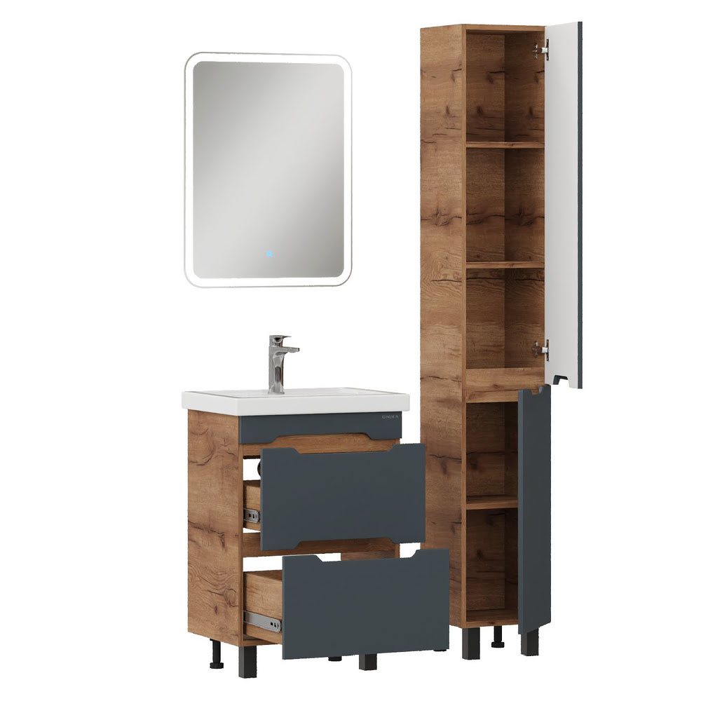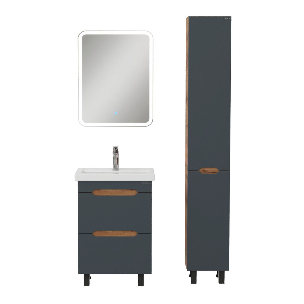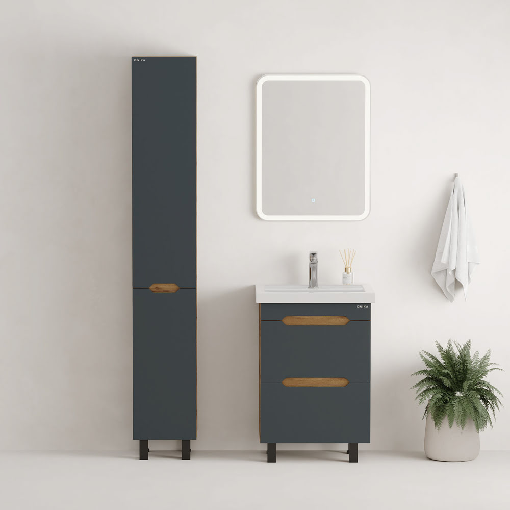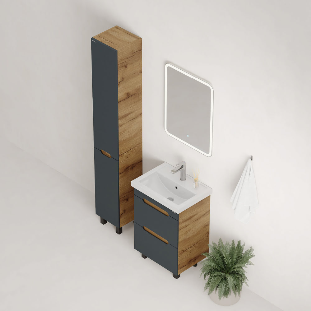 Тумба 50 см Айленд напольная Графит/дуб крафт золотой с умывальником Фостер-50: объединяет в себе элегантный минималистичный стиль, актуальный дизайн и высшее качество выполнения. Тумба впишется в любой интерьер благодаря трендовому сочетанию матового графита и золотого дуба, а также поможет эффективно организовать пространство, что особенно важно в небольших ванных комнатах. В её конструкции предусмотрены два ящика, оснащенных направляющими полного выдвижения: нижний ящик подходит для хранения крупных предметов, а верхний, оборудованный практичной системой организации, вмещает мелкие аксессуары. Интегрированные в фасады ручки обеспечивают удобство и функциональность в использовании. Корпус Тумба 50 см Айленд напольная Графит/дуб крафт золотой с умывальником Фостер-50 изготовлен из ЛДСП, а фасады ящиков сделаны из ЛМДФ под пленкой, что придаёт им стойкость к механическим повреждениям, изменениям температуры и высокому уровню влажности. Ножки (2 декоративных и 2 пластиковых) идут в комплекте с тумбой. Размеры тумбы без учета раковины и ножек 47х38х66 см. Совместимая раковина — Фостер-50 (Кirovit).
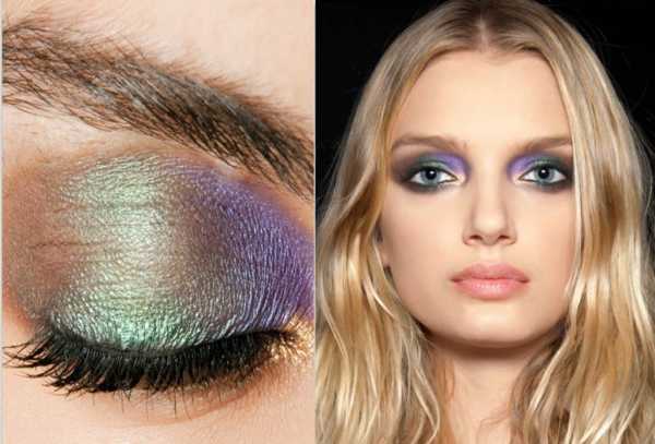 Блондинкам тоже очень идут более яркие весенние тона. Если добавить немного зелёного, тогда зрачки тоже будут зеленее. Такие варианты будут красиво выглядеть на выпускном балу. Лиловые стрелки подчеркнут красивую голубизну зрачков блондинки.
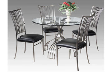 With a brushed steel base reminiscent of a spring flower only days from blooming, this dining table is a perfect match for people who prefer to celebrate their sense of fashion in the most modern mediums. The sturdy and circular glass top comes with a beveled edge.
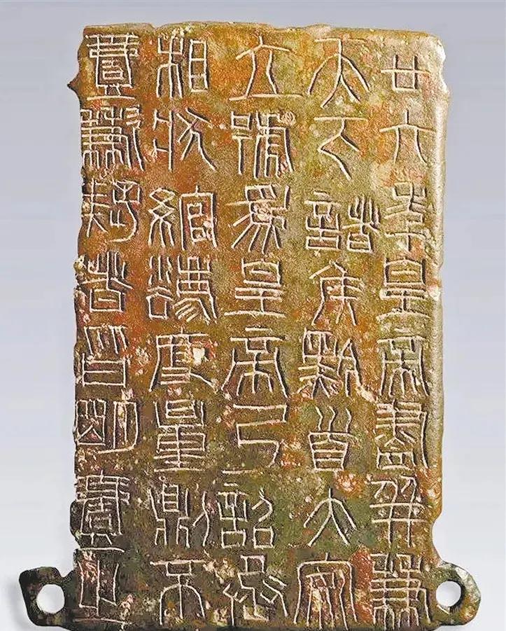 诏版文字由丞相李斯主持统一书写,标志着"书同文"政策实施,奠定了小篆标准化体系。其书法风格近于泰山刻石等金石碑刻,但因青铜材质镌刻特性,笔画较石刻更为方硬率意,形成独特艺术价值。镇原县出土诏版经1996年国家文物局专家组鉴定为国家一级文物,为研究秦代北地郡政治经济及度量衡制度提供了关键物证。
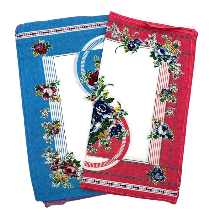 Платок носовой тканевый Женский 28*28 Букет в круге+полоски по краям (мин.10шт)
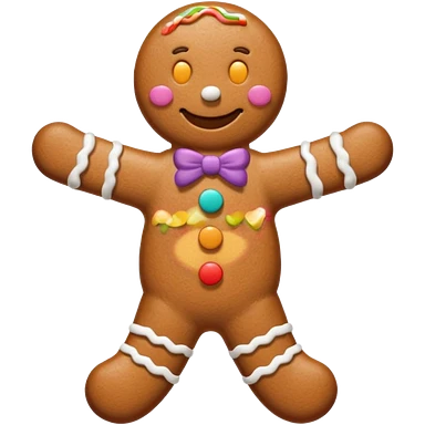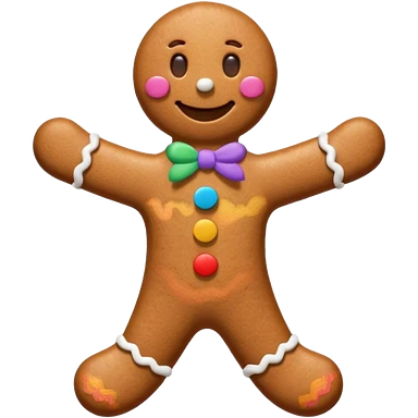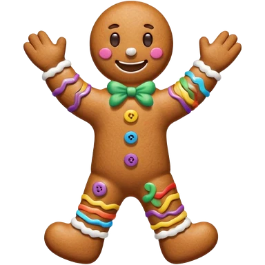 i would like a gingerbread man emoji, it should have colorful buttons, white lines on his arms and legs similar to the gingerbread man character from shrek emoji
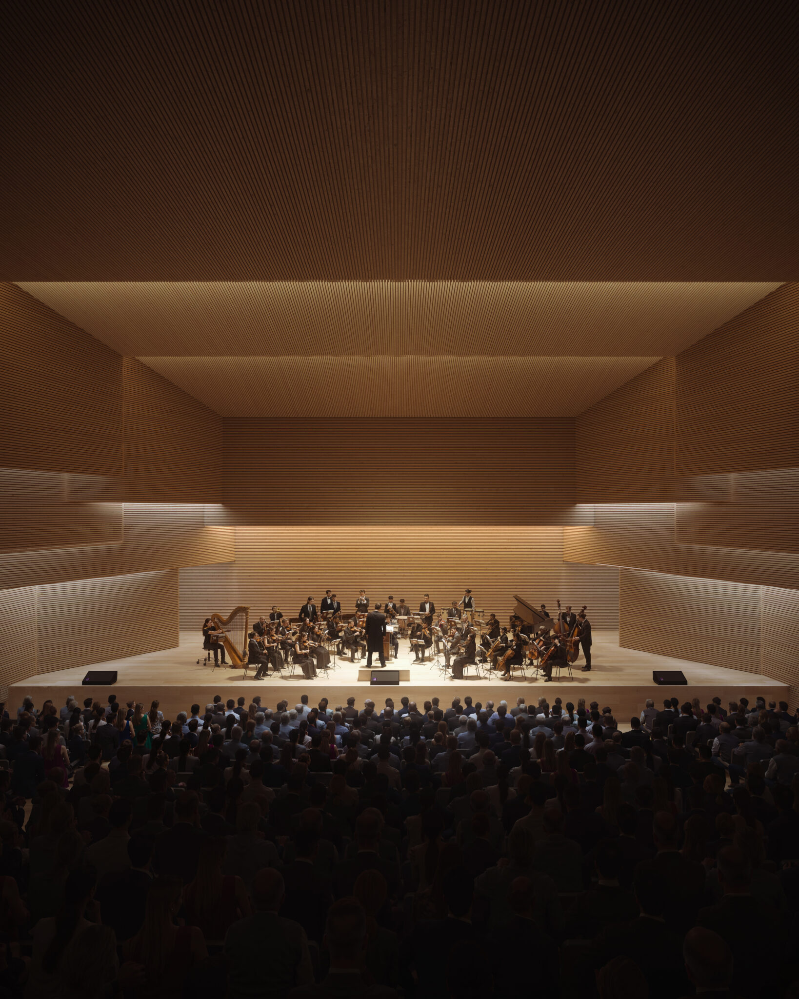 The structure adopts a hybrid system combining CLT/LVL timber elements with steel, reflecting KKAA’s commitment to sustainability and the expressive use of natural materials.
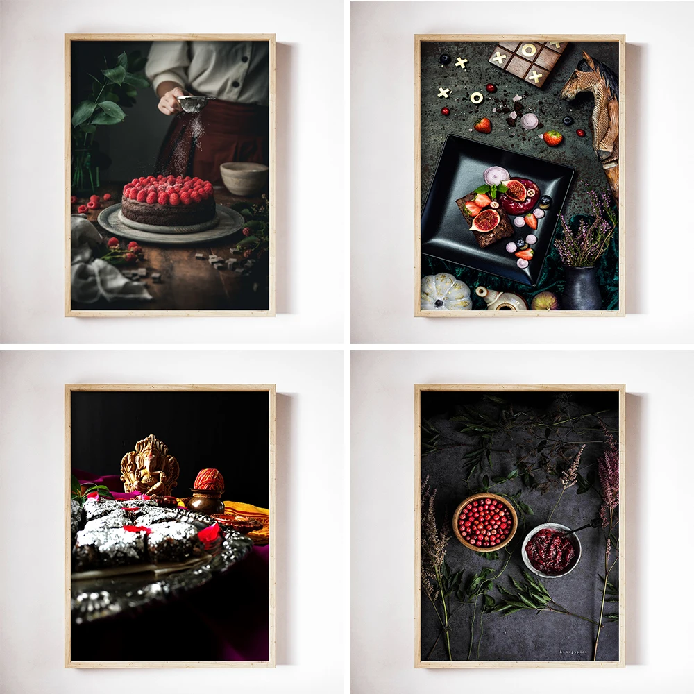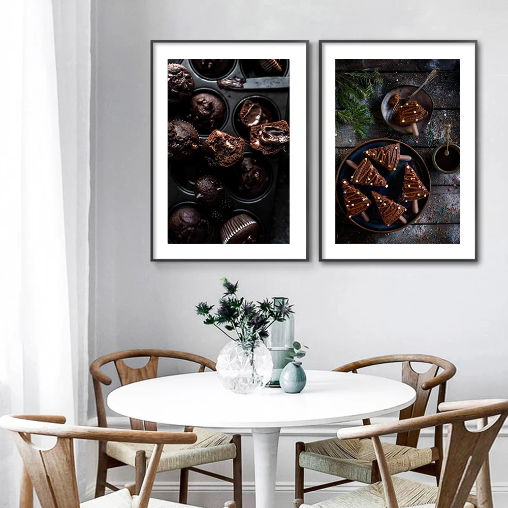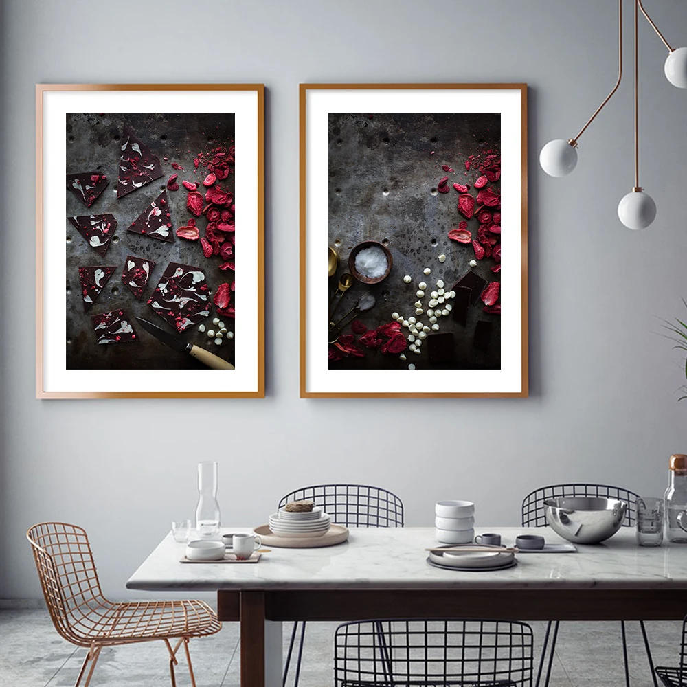 Декор для ресторана, холст, постер, гранат, шоколад, фрукты, домашние кухонные постеры, принты, жилая стена, искусство, еды, Модульная картина
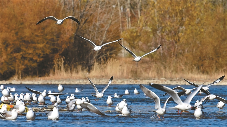 拉薩河畔的候鳥(niǎo)。記者 唐斌 攝

__________

The expected output is the exact run of lines from the first line of the material above through the line that contains "The structure adopts", minus any pictures.

 Тумба 50 см Айленд напольная Графит/дуб крафт золотой с умывальником Фостер-50: объединяет в себе элегантный минималистичный стиль, актуальный дизайн и высшее качество выполнения. Тумба впишется в любой интерьер благодаря трендовому сочетанию матового графита и золотого дуба, а также поможет эффективно организовать пространство, что особенно важно в небольших ванных комнатах. В её конструкции предусмотрены два ящика, оснащенных направляющими полного выдвижения: нижний ящик подходит для хранения крупных предметов, а верхний, оборудованный практичной системой организации, вмещает мелкие аксессуары. Интегрированные в фасады ручки обеспечивают удобство и функциональность в использовании. Корпус Тумба 50 см Айленд напольная Графит/дуб крафт золотой с умывальником Фостер-50 изготовлен из ЛДСП, а фасады ящиков сделаны из ЛМДФ под пленкой, что придаёт им стойкость к механическим повреждениям, изменениям температуры и высокому уровню влажности. Ножки (2 декоративных и 2 пластиковых) идут в комплекте с тумбой. Размеры тумбы без учета раковины и ножек 47х38х66 см. Совместимая раковина — Фостер-50 (Кirovit).
 Блондинкам тоже очень идут более яркие весенние тона. Если добавить немного зелёного, тогда зрачки тоже будут зеленее. Такие варианты будут красиво выглядеть на выпускном балу. Лиловые стрелки подчеркнут красивую голубизну зрачков блондинки.
 With a brushed steel base reminiscent of a spring flower only days from blooming, this dining table is a perfect match for people who prefer to celebrate their sense of fashion in the most modern mediums. The sturdy and circular glass top comes with a beveled edge.
 诏版文字由丞相李斯主持统一书写,标志着"书同文"政策实施,奠定了小篆标准化体系。其书法风格近于泰山刻石等金石碑刻,但因青铜材质镌刻特性,笔画较石刻更为方硬率意,形成独特艺术价值。镇原县出土诏版经1996年国家文物局专家组鉴定为国家一级文物,为研究秦代北地郡政治经济及度量衡制度提供了关键物证。
 Платок носовой тканевый Женский 28*28 Букет в круге+полоски по краям (мин.10шт)
 i would like a gingerbread man emoji, it should have colorful buttons, white lines on his arms and legs similar to the gingerbread man character from shrek emoji
 The structure adopts a hybrid system combining CLT/LVL timber elements with steel, reflecting KKAA’s commitment to sustainability and the expressive use of natural materials.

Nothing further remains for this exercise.